Actually, 55+ includes, mostly, retired people. And that is where you see
the scary figures on how many people live only on social security, and about
a million have moved to Mexico because they can not afford to live in the
US. Look at income figures overall for 55+ and only a small percentage have
any significant savings. And most have very little discretionary income.

Radio stations pitch clients every day. Every day. That's what
the Sales staff is for. If a station ONLY accepts agency buys, you
telling me you have no Sales staff.


Direct sellers pitch the client. But most direct money is at lower rastes
and with higher maintenance. Agency accounts are serviced more than they are
sold. But the money is worth it.

I had three sellers for the top billing station in market #13. We tried
direct sales, but we got mostly no pay and slow pay and low rates.

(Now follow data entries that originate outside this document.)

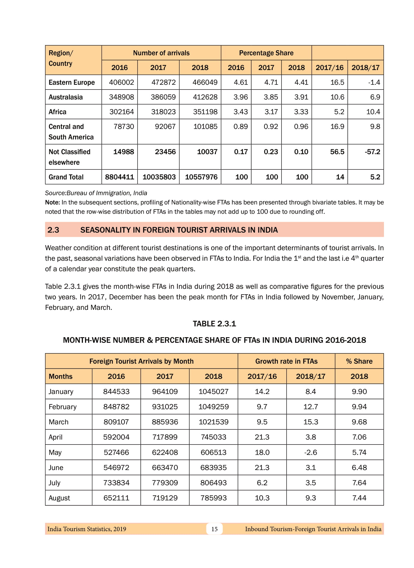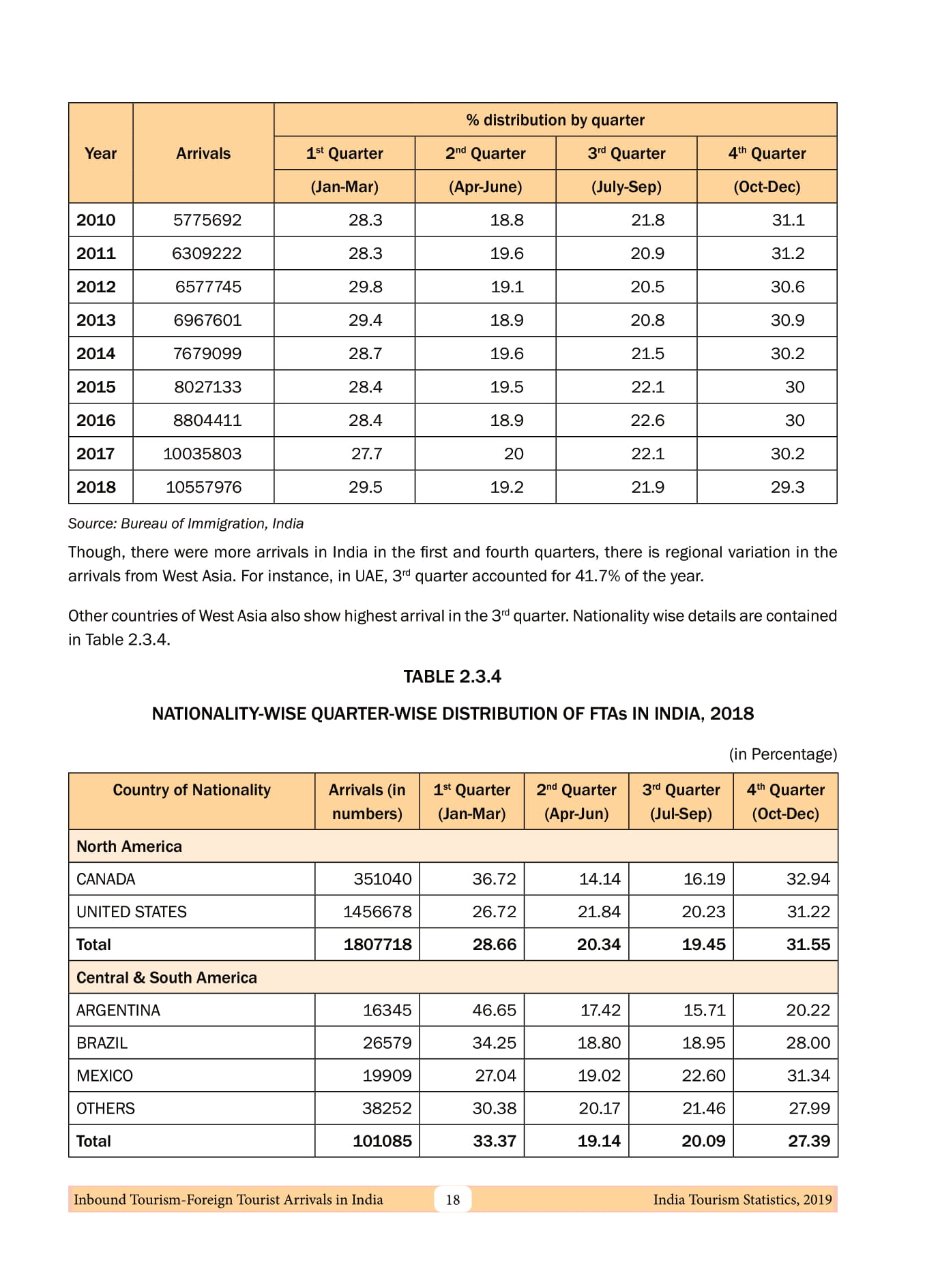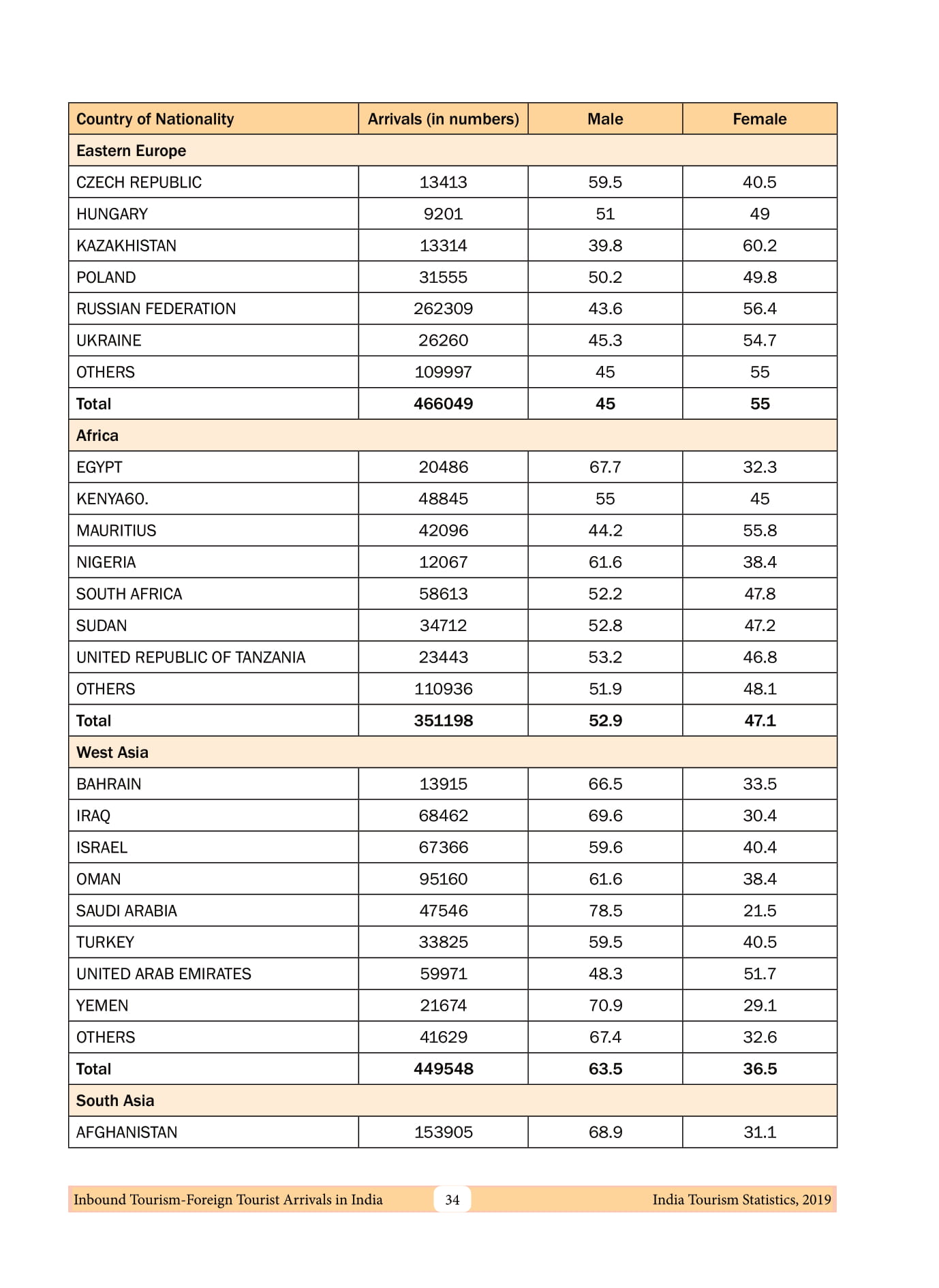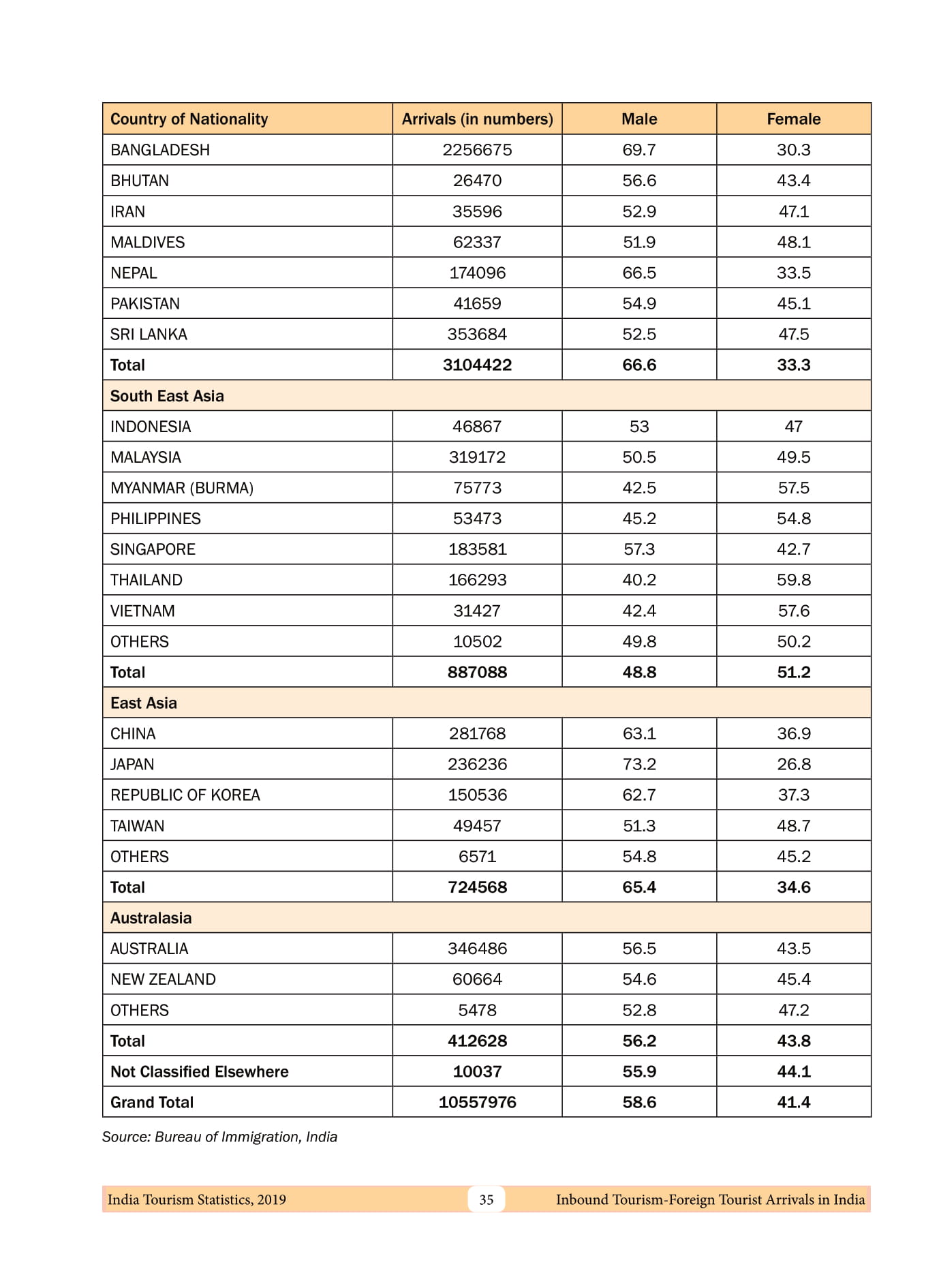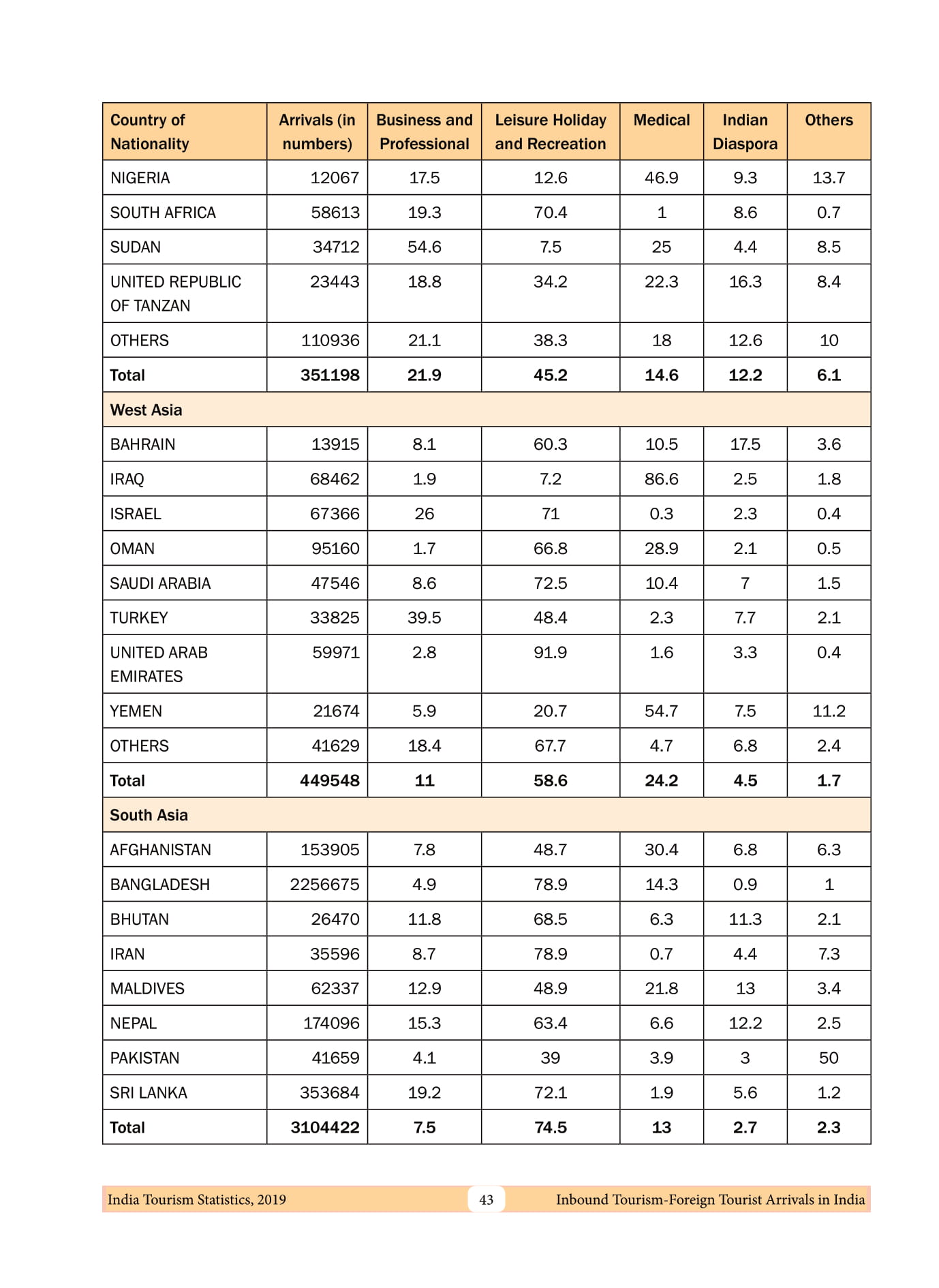 约79.6%的外国游客通过空中进入印度,其次是陆路(19.6%)和海路(0.8%)。德里和孟买机场约占印度外国游客总数的44.5%。2018年印度外国游客前15大来源地市场是孟加拉国,其次是美国、英国、斯里兰卡、加拿大、澳大利亚、马来西亚、中国、德国、俄罗斯、法国、日本、新加坡、尼泊尔和泰国。2018年,前15个国家约占印度外国游客总数的75.33%。
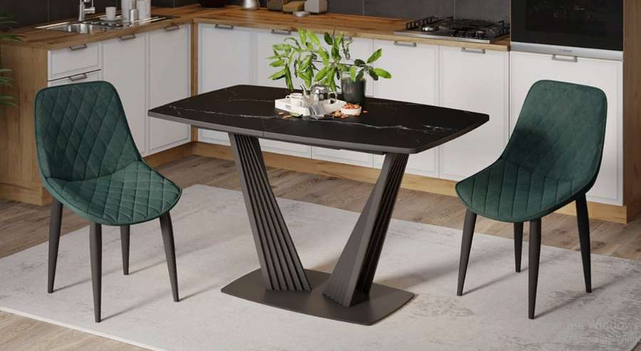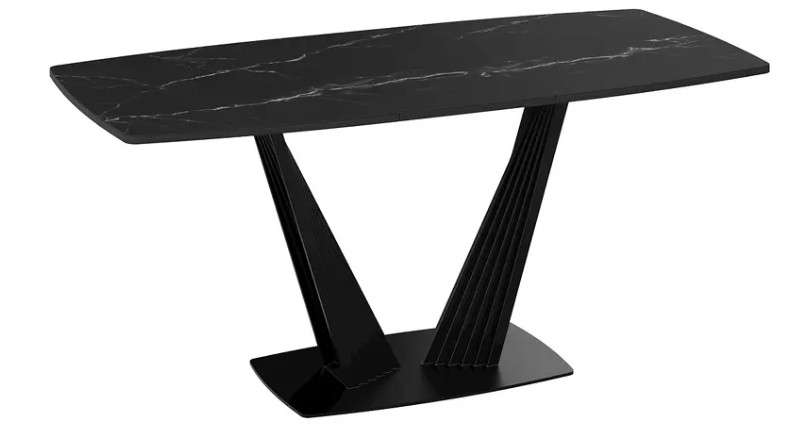 Стол «Фабио» привлекает внимание продуманным дизайном с безусловным акцентом на подстолье сложной V-образной формы, слегка смягченным плавной геометрией столешницы и устойчивого основания.
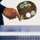 Fondo de madera marrón con mar, cresta mecánica, volante antiguo, ancla dorada y varios engranajes de oro y latón. Estilo Steampunk.
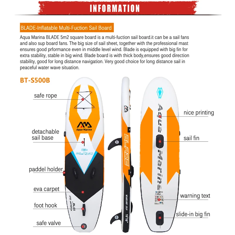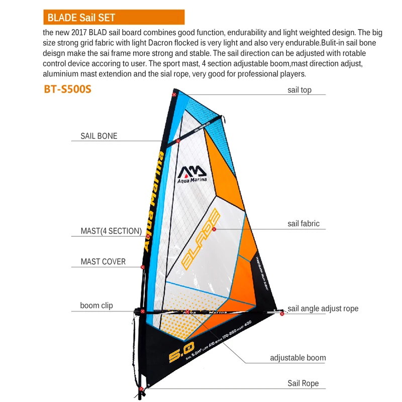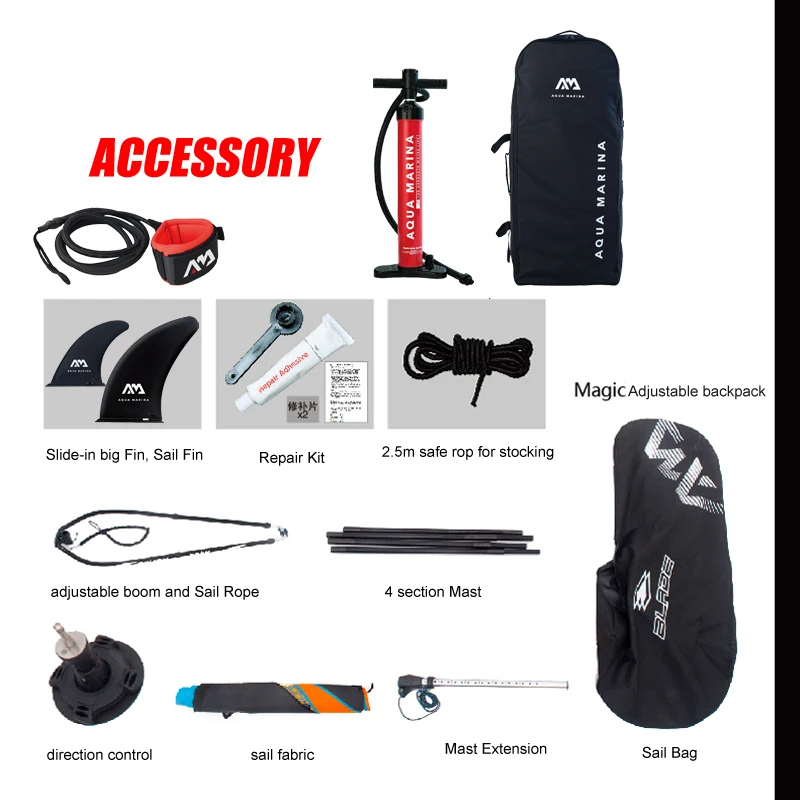 Размер паруса: 5 m2 лавсан, X-ply Sail с ПВХ-окном-светильник, прочный и устойчивый. 400 см 4 setction мачты Регулируемая штанга от 170 до 220 см, Регулируемый зажим с крышкой из ЭВА, бум с веревкой Высота паруса: 410 см Мачта: 13'2 "(400 см), набор из 4 шт мачты композитный RDM Другие компоненты буровой установки: Переносная сумка для хранения, универсальная сумка для хранения на молнии, которая вмещает мачту/бум/паруса в одном компактом, удобном в транспортировке корпусе Максимальная нагрузка: 150 кг, предположительный Вес: 100 кг или меньше Размер платы: 330*80*15 см Вес продукта: 20,5 кг Оригинальный комплект включает в себя: доску, парусины, сумки для переноски, насос для надувания, плавник
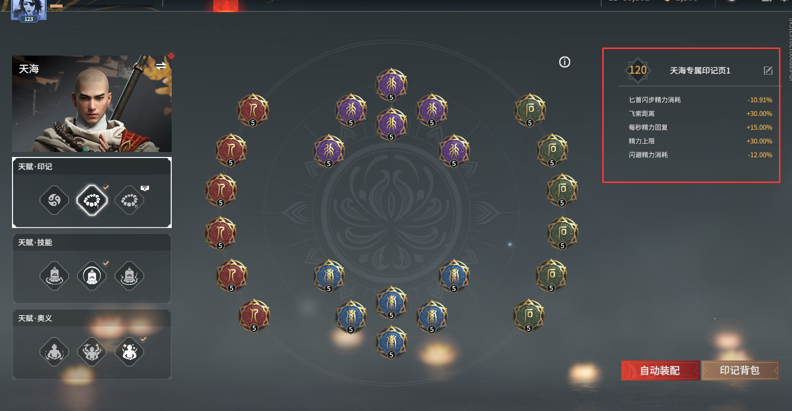 所以总结就是所有精力印记全部点满,红色加速怒气点满,紫色(爆怒),蓝色钩锁距离点满。
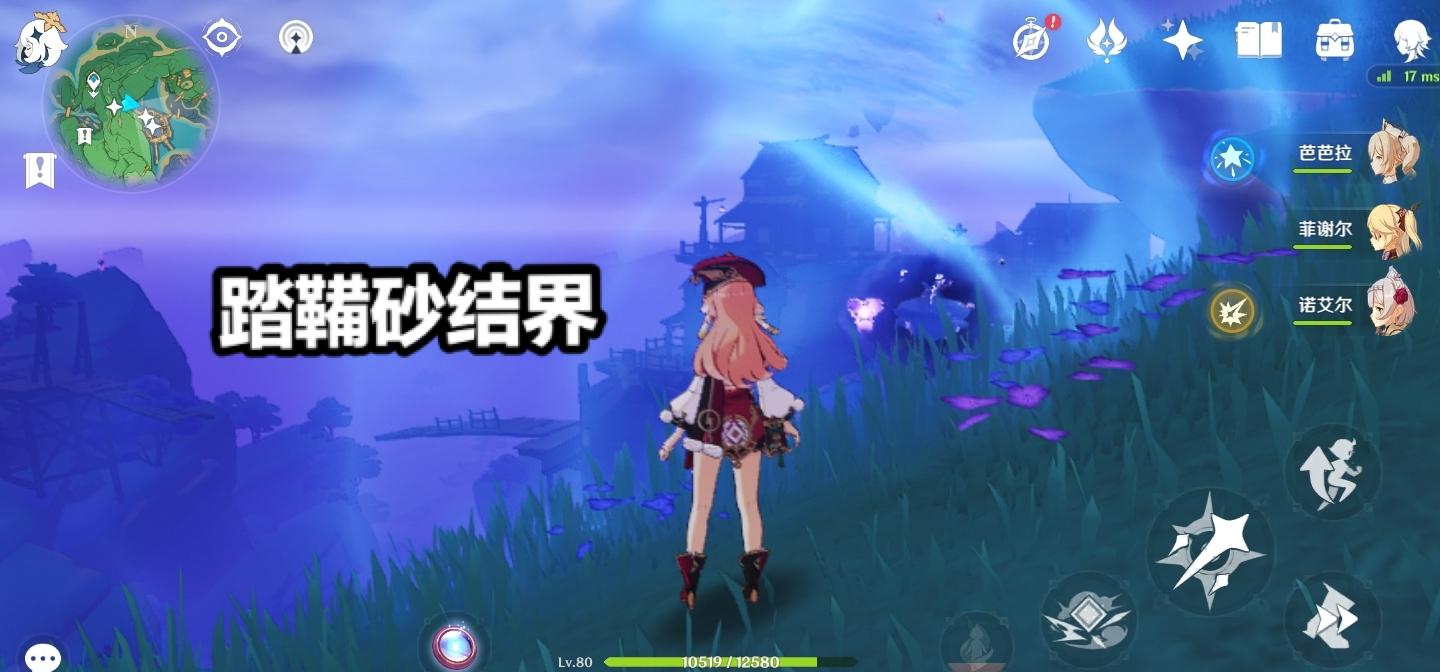 目前如果想要快速找到鸣草,玩家可以记住两个关键的地点,一个是踏鞴(Bei)砂,一个是八酝岛,八酝岛的话,鸣草并不是很多,主要是前往踏鞴砂采集,不过想要进入踏鞴砂可没有这么简单,因为踏鞴砂有一层结界,这个结界不是靠雷种子就能进去的,而是需要完成特定的任务之后,才可以破除这个结界。首先玩家需要找到三个关键的NPC【虎之助、阿幸、泽维尔】,分别完成任务之后,找到三处的御影炉心,接着启动三处的【神居岛崩炮】就可以打破踏鞴砂的结界了。
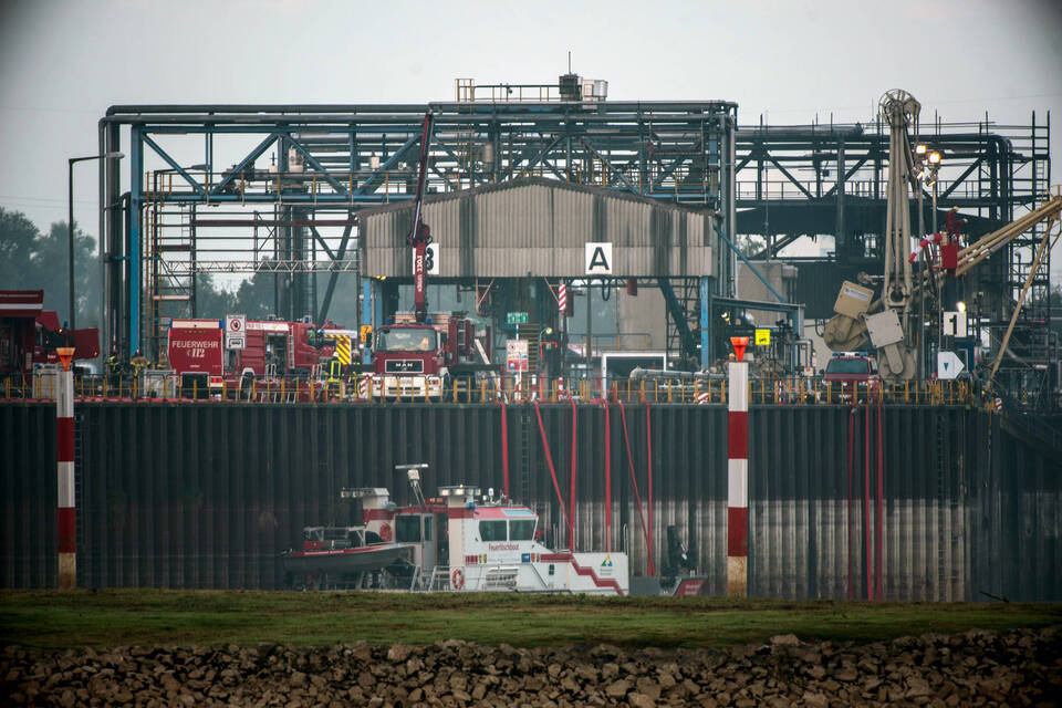 Einsatzkräfte der Feuerwehr arbeiten an der Unglücksstelle am 18.10.2016 auf dem Werksgelände der BASF in Ludwigshafen. Foto: dpa

The
clients with money went to agencies. We led the market in revenues and power
ratio, because we did not spend on lost causes.

There is no money in 55+. No single radio station, and no group can
change a client's attitude if the client is going to say, "I can not get
a decent ROI on that demo" or "my product was designed for 18-34 year
olds and I hope we don't get Oldsmobiled."



That's where your superiour knowledge and experience comes in.
Accepting 'can't' because someone waving a check has said it, isn't
Leadership. It isn't even Management.

Nothing is 'can't.' There are always possibilities. It's your
job as Manglement and Sales to make that pitch. Accepting the snapshot
only guarantees that you'll live within the confines of the snapshot. The
future is finding what's outside the frame.


Again, this is for someone else to do. We don't have a 55+ population to
serve, and the average age of our sector is in the mid to low 20's. So we
have to deal with getting 18-24 on the general market agency buys, because
we have no 55+ to offer.


Stan Freberg demonstrated three decades ago that you can sell
anything on radio. It's the most visual of electronic media.


I think that is true Urban Legend. Appetite appeal is so critical to come
campaigns that radio, if use, supports recall at POP, not sales.

Mel Karmazin said, and repeatedly, I might add, that revenues
are commonly linked to ratings. They're not. A station can always
outperform it's ratings. Always. And it does so through high expectations,
and retaining control of it's inventory, And by believing in possibilities
instead of obstacles.


Stations that outperform give a specific desirable demo with little
spillage, like all sports. They get the power ratios that are close to 1:1.
CHR gets 0.7 or 0.8 to one because advertisers don't want the teens. And so
on.


Again, perceptions. If you accept them, they become what you
believe to be realities. They do not become realities themselves. If
you're not succeeding at selling this, then change you pitch.


I am pretty sure that in 15 years, WDUV has tried every technique
immaginable. None have worked so far.